Kapolres Dumai, Angga Herlambang, menjelaskan bahwa di lokasi tersebut petugas menemukan sebanyak 63 orang yang tengah berkumpul di area pantai dan hutan, diduga menunggu penjemputan menggunakan speed boat menuju Malaysia.

“Seluruhnya langsung kami amankan dan dibawa ke Polres Dumai untuk pemeriksaan lebih lanjut,” jelasnya.

Pengembangan kasus kemudian mengarah ke sebuah rumah di Jalan Meranti Darat yang diduga dijadikan tempat penampungan sementara. Di lokasi itu, polisi kembali menemukan lima calon PMI yang juga hendak diberangkatkan secara ilegal.

Total sebanyak 68 orang berhasil diamankan dalam operasi ini.

Dalam proses penyelidikan, polisi juga berhasil menangkap dua tersangka berinisial MF dan RGS. MF berperan sebagai penampung di rumah singgah, sementara RGS bertugas menjemput dan mengantar para calon pekerja migran dari luar daerah hingga ke lokasi pemberangkatan.

“Kedua tersangka sempat melarikan diri sebelum akhirnya berhasil diamankan pada 20 April 2026. Mereka mengakui perbuatannya dan kini menjalani proses hukum,” ungkap Kapolres.

Baca Juga  Ungkap 11 Kasus, Satresnarkoba Kampar Musnahkan Ratusan Gram Narkoba

Selain itu, polisi turut menyita barang bukti berupa dua unit mobil Daihatsu Sigra yang digunakan untuk operasional, serta dua unit telepon genggam yang digunakan dalam komunikasi aktivitas ilegal tersebut.

Para tersangka dijerat dengan Undang-Undang Nomor 18 Tahun 2017 tentang Perlindungan Pekerja Migran Indonesia, yang melarang perekrutan, penampungan, dan pemberangkatan PMI tanpa prosedur resmi.

Kapolres menegaskan, wilayah pesisir Dumai menjadi salah satu titik rawan yang kerap dimanfaatkan jaringan kejahatan untuk aktivitas ilegal lintas negara. Oleh karena itu, pengawasan dan patroli akan terus ditingkatkan.

“Kami akan perketat pengawasan di wilayah pesisir. Ini menyangkut keselamatan masyarakat dan menjadi perhatian serius kami,” tegasnya.

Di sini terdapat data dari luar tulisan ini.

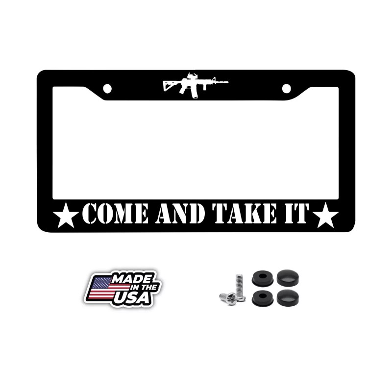 Show your support for the 2nd Amendment with this Black License Plate Car Frame from BLVD. Made of high-quality plastic, this license plate frame can be used for both front and rear placement on your vehicle. The design features the iconic "Come and Take it" slogan, making it a great addition to any gun enthusiast's collection. The frame fits standard size license plates and is easy to install. Perfect for anyone who wants to express their support for the right to bear arms.
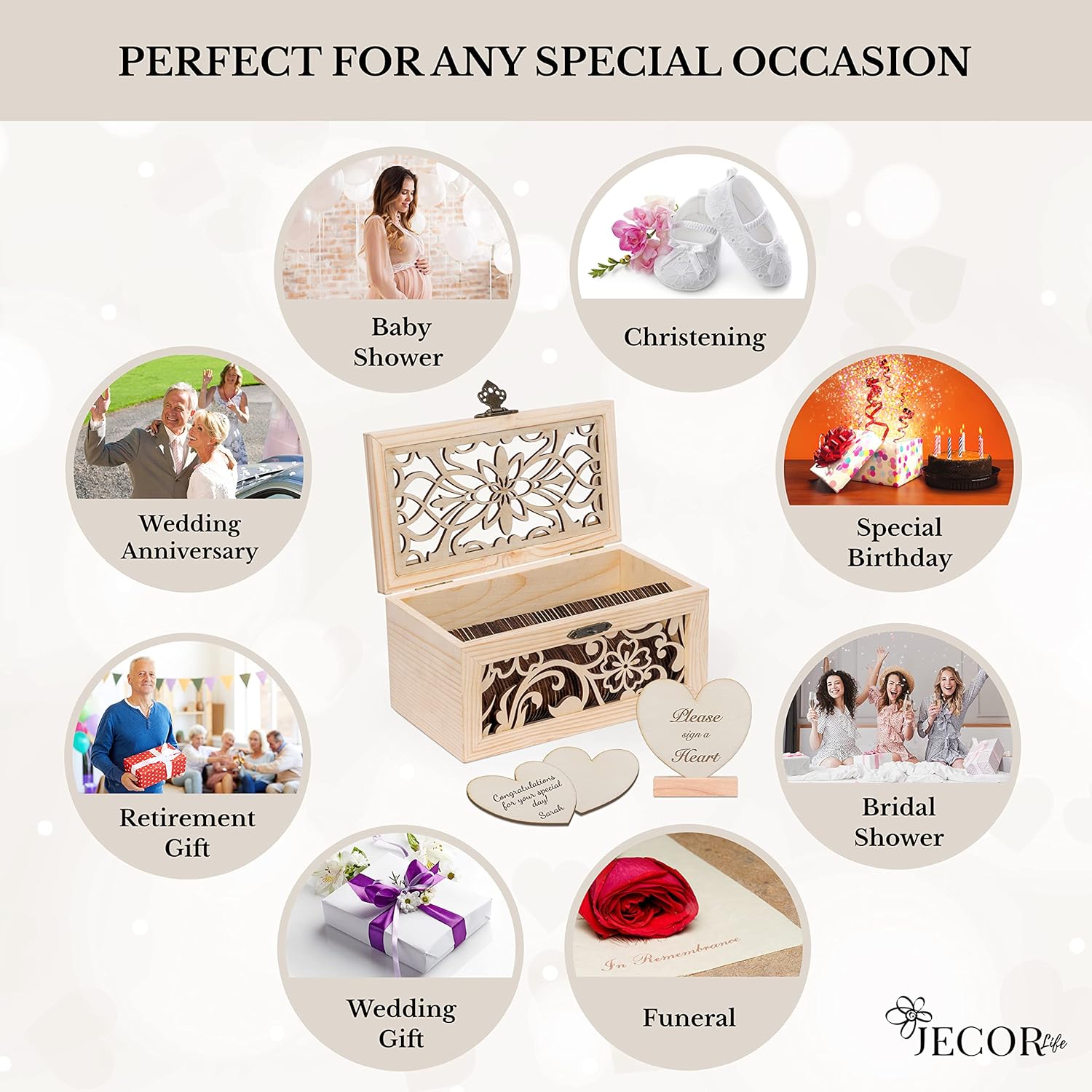 Alternative Guest Book Box - Wedding Guest book Alternative - 62 Large Wooden Hearts - Also for Baby Shower, Bridal Shower, Anniversary, Birthday, Retirement, Funeral Guest Book Alternatives, Pattern

Sementara itu, Kombes Hasyim mengimbau masyarakat agar tidak tergiur dengan tawaran bekerja ke luar negeri melalui jalur ilegal yang menjanjikan proses cepat dan biaya murah.

“Masyarakat harus memastikan seluruh proses dilakukan secara resmi agar mendapat perlindungan hukum dan keselamatan di negara tujuan,” pungkasnya.